When we examine the violations of law when the British took possession of eastern Australia in 1788, it’s little wonder that a growing number of people are seeking a date other than January 26 to celebrate Australia Day.
The celebration of Australia Day on January 26th continues to spark controversy. This is unsurprising. Commemoration of the arrival of the first fleet was contentious in both 1938 and 1988 when ceremonies were held to mark both the 150th and the 200th birthday of Sydney.
Clearly the foundation of British settlement was an event of great historical importance. The safe arrival of the whole fleet at Botany Bay between the 18th and the 20th of January with only minimal loss of life was a great achievement of British logistics, seamanship and navigation.
But the choice of the 26th of January as the day of national celebration raises both troubling and legitimate questions. To begin with the 26th. itself was an odd choice. Two other days in those founding moments would have been more appropriate. Watkin Tench, the most vivid of the chroniclers of Sydney’s infant months, noted that along with the other officers he thought the 20th was the great and important day marking the foundation of an empire. But an even more portentous occasion took place on February 7th when, with all the ships unloaded and everyone ashore, the formal ceremonies were held, the proclamations read and the British, in Tench’s words took ‘ possession of the colony in form’.
So the really contentious matters relate to what exactly was done on the 7th of February. We still live with the consequences although current debates show there is little understanding of the manner in which the British took possession of Eastern Australia and how their actions related to both international and common law as they were understood in the late eighteenth century. These questions require closer and more detailed consideration.
The claim of sovereignty over half of the continent was unsurprising. Cook’s voyage of ‘discovery’ followed up by the settlement eighteen years later provided a solid foundation in European international law although the vast size of the area claimed was manifestly excessive and would have been open to challenge. But what is not understood is that such a claim related to external sovereignty and was projected outwards to competing European powers and not inward to the indigenous people.
In their case both law and practice, well established in North America, set out a number of principles. The Indians were recognized as holding a form of sovereignty which could be usurped in only two ways – either by conquest of by treaty of which there were already many examples by 1788. It is important to remember that in Tasmania Governor Arthur came to believe that the tragedy of the Black War could have been avoided if treaties had been negotiated at the beginning of settlement. It was advice he urged upon the Colonial Office and was one of the influences which led to the signing of the Treaty of Waitangi in New Zealand in 1840.
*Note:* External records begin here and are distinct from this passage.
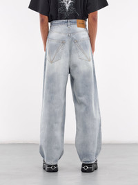 VETEMENTS jeans in blue, paneled denim construction, light wash, belt loops, back logo patch, front button & concealed zip fly closure, inset pockets, coin pocket, back patch pockets, wide leg, baggy fit. Standard Sizing Model is 6'2" wearing size 30. Shoulders: 19" Chest: 38" Waist: 29"
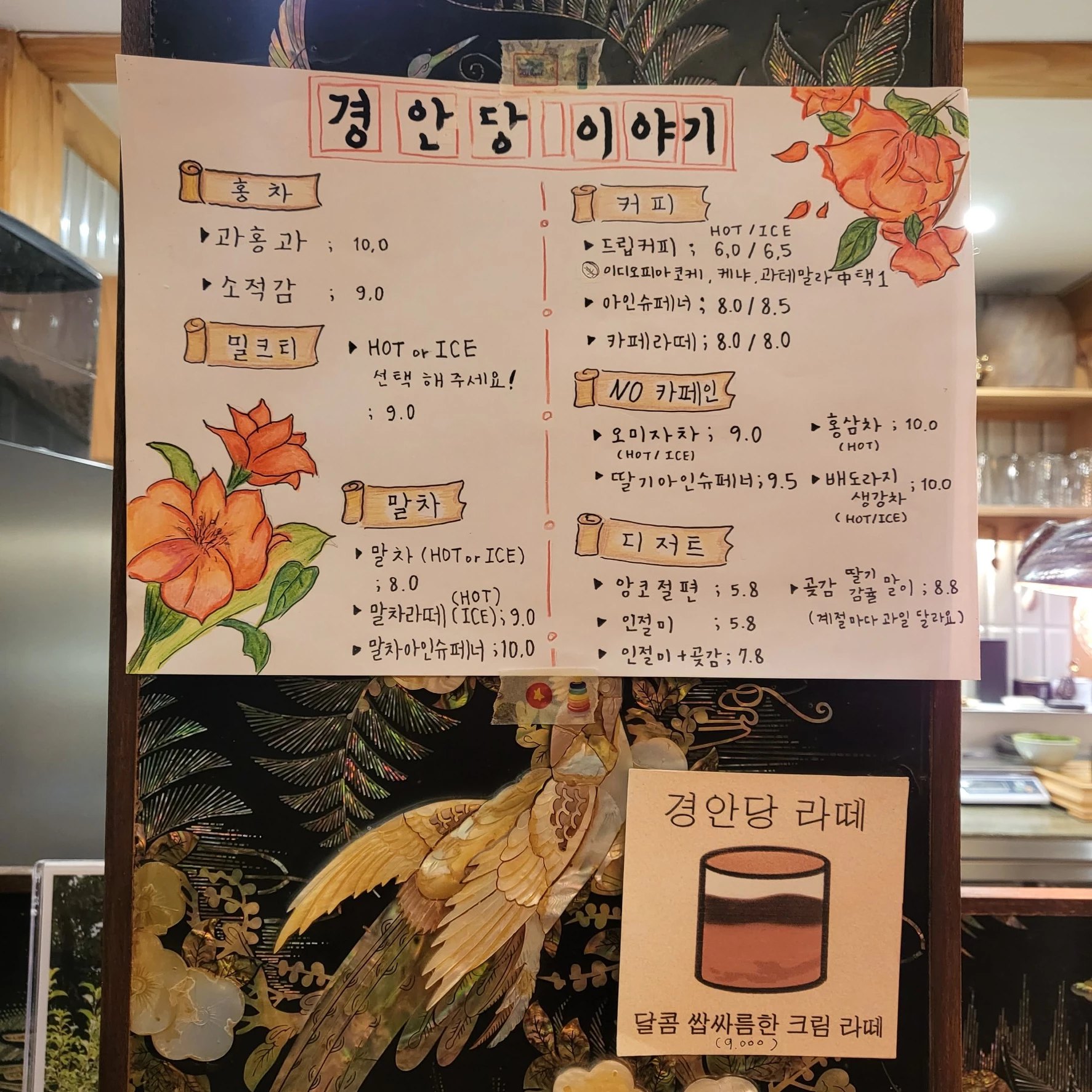 홍차나 밀크티나 말차 커피 등등이 메인인 곳.
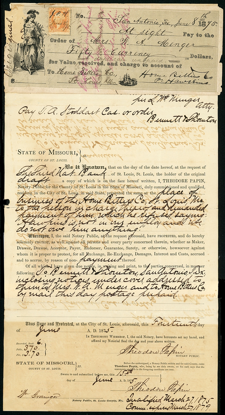 It appears that someone in Texas was passing himself off as a representative of the Home Bitters Company and writing merchant's drafts on the company to obtain money. When this one came back to the company to be approved they denied it, which led to a protest filed in 1875.

Sovereignty was one thing; property was quite another although the two are often conflated. And here too late eighteenth century law was well established. Indigenous people were recognized as the owners and occupiers of their traditional land even though their tenure was of a kind unknown in European jurisprudence. It was known as Indian or native title. It was recognized by the High Court in the Mabo judgement in 1992.
So we are left with the inescapable conclusion that the British claims formulated on February 7th 1788 were contrary to both contemporary law and custom. There is no clear explanation of why the Imperial government veered so sharply away from its own practice in North America. Two theories have been suggested. One is that when the settlement of Australia was in the planning stage the best advice was that the continent was largely uninhabited. This was the theory promoted by Sir Joseph Banks, great aristocrat, President of the Royal Society and ship-mate of Cook’s on the Endeavour. The other possibility is that the Aborigines were thought to be so primitive that they neither exercised sovereignty nor owned the land, that Australia was indeed a terra-nullius.
British policy in relation to indigenous land was infamous. The whole of Eastern Australia became the property of the Crown. It was a land grab of heroic proportions; piracy on a continental scale not only contrary to the spirit of international law but also to fundamental principles of the common law. If there was one central principle infusing British law it was the protection of property. The whole convict system was premised on that principal. But the law also provided powerful protection for the property of the subjects against the inroads of the Crown. We have then the extraordinary situation that in February 1788 the Aborigines became British subjects but at the same time and by the same instruments were stripped of their rights to their traditional lands. Much of the violence of the Australian frontiers can be traced directly back to those principles introduced in 1788.
It should, then, come as no surprise that growing numbers of people are seeking to find another occasion on which to celebrate Australia Day.
Henry Reynolds is an eminent Australian historian who has focused on frontier conflict between indigenous people and European settlers, and has written many books on that subject. His latest book is Unnecessary Wars.